Hi all, I'm sad to report that I need to re-home my rats, along with my Martin's Rat Skyscraper (powder coated, flip-top). 

These rats are two years old and I've had them since they were 12 weeks. I'm a teacher and they spent the weeks in my classroom, and weekends at home with me and my family, so they're very used to attention and handling. I have to find them new homes because I've developed an allergy to them and can't even be in the same room as them any more. 

I haven't posted on here in a long time, but there are photos of them somewhere around here. One of the girls is a black-capped, normal eared, and the other is a platinum capped, dumbo eared. Both are very sweet and loving, especially scrappy, the black-capped one. 

These girls are free to the right home, and will come with all of their supplies, shelf-liners, hammocks, water bottles, dishes, toys, etc... 

I am asking $25 for the cage simply because it's worth it, but I'll give the girls to the right home without selling the cage as well. 

I also have another 'ebay style' cage that has the same dimensions as the rat skyscraper that's at my school. I'll donate that to the right person or rescue group as well.
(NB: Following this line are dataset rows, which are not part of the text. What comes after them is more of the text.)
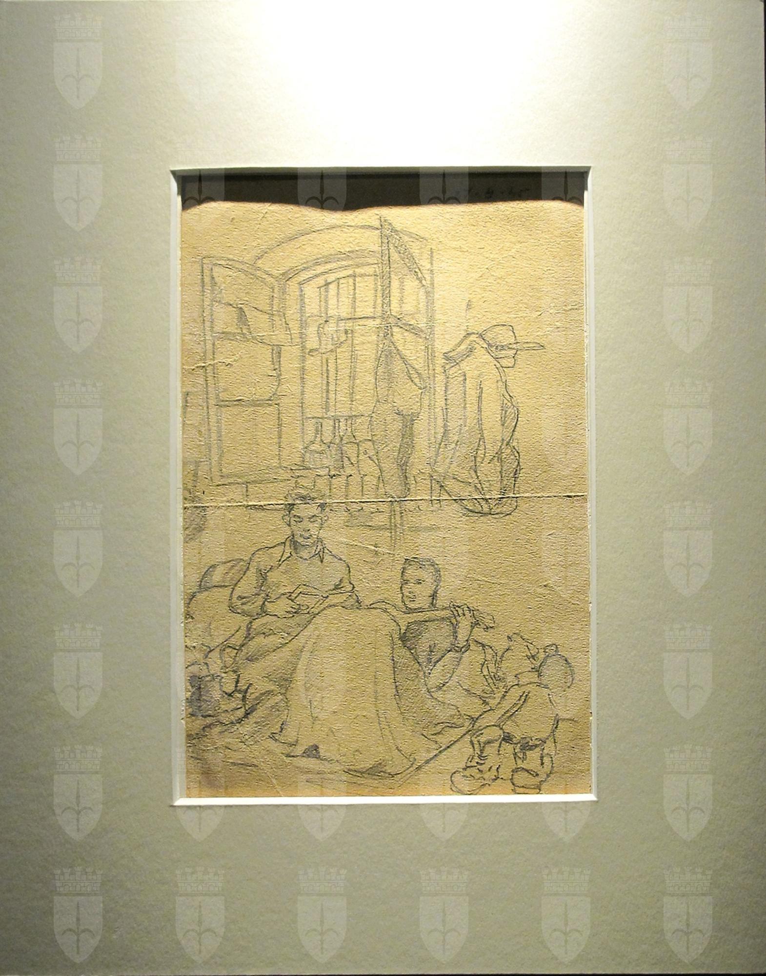 Il disegno rappresenta due figure, sedute a terra, in un interno. L'uomo sulla sinistra legge un libro, quello sulla destra suona un mandolino, ha una coperta sulle gambe. Alla loro sinistra, a terra, degli scarponi e altri oggetti. Dietro di loro, una finestra con le lastre aperte, ma chiusa con le sbarre. Sul muro, appesi, una giacca e un cappello con la piuma.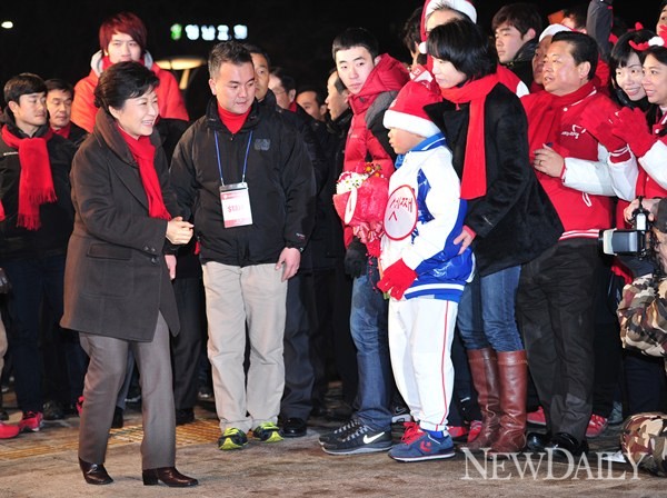 새누리당 박근혜 대통령 후보는 11일 오후 서울 영등포구 타임스퀘어 앞에서 합동유세를 펼쳤다.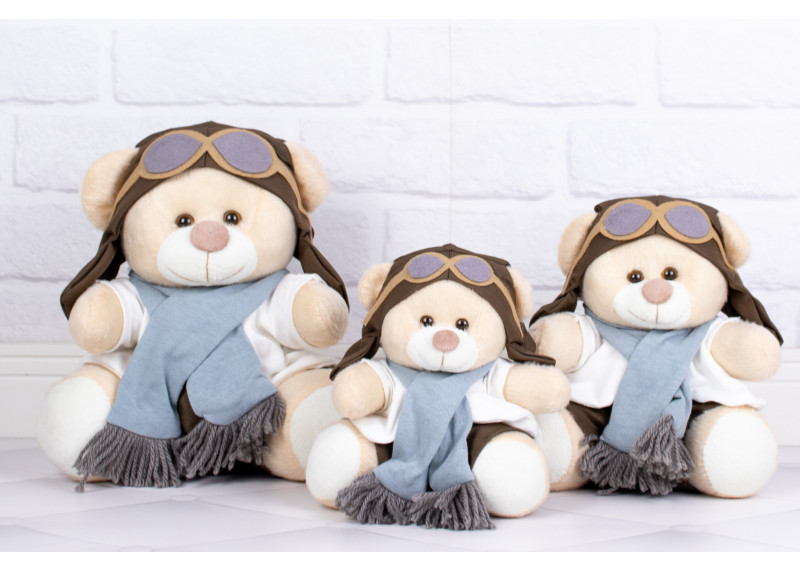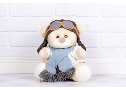Ursos Tedde Aviador clássico cinza - Pelúcia Doce de Leite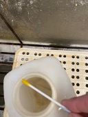 解決する方法として、最初に使用したアルカリ性洗剤に洗浄後に、漬けておくことにしました。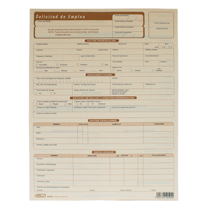 Block solicitud de empleo de la marca Printaform, sistema de registro de información completa con campos para correo electrónico, redes sociales y celular, impresa por ambos lados.EspecificacionesUsoComprobar, registrar pagosColorAmarilloMaterialPapelUnidad de medida/PresentaciónPaquete c/25TamañoCartaFormaFrancesaNúmero de copias1 copiaCódigo de b..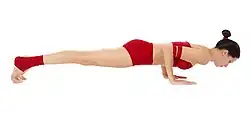 | Chaturanga Dandasana[43] | चतुरङ्गदण्डासन | Bastón de cuatro extremidades Plancha baja |

Myself, my children, and my students are sad about this, but I hope that the girls can find a good home with people who understand what rats need.

If you're interested, please email me at angryj at gmail dot com. Or, give me a call at 913-579-7956.

Up for adoption: These pics are very old, they're all grown up now. : 
Faye - 










Scrappy -


----------



## Stace87 (Jun 24, 2008)

Did you manage to find a home for the two girls? This forum tends not to be too successful with rehoming rats - you may have more luck on goosemoose, ratshack, jorats. Just some examples.


----------



## careyrose (Jan 3, 2010)

Would love them if they are still available. Also near Kansas City. New to this forum so not quite sure how to contact you.


----------



## Stace87 (Jun 24, 2008)

careyrose said:


> Would love them if they are still available. Also near Kansas City. New to this forum so not quite sure how to contact you.





Angry_J said:


> If you're interested, please email me at angryj at gmail dot com. Or, give me a call at 913-579-7956.


----------



## careyrose (Jan 3, 2010)

Just noticed the contact info....thank you!!


----------



## kscanuck785 (Jan 11, 2010)

are they adopted??


----------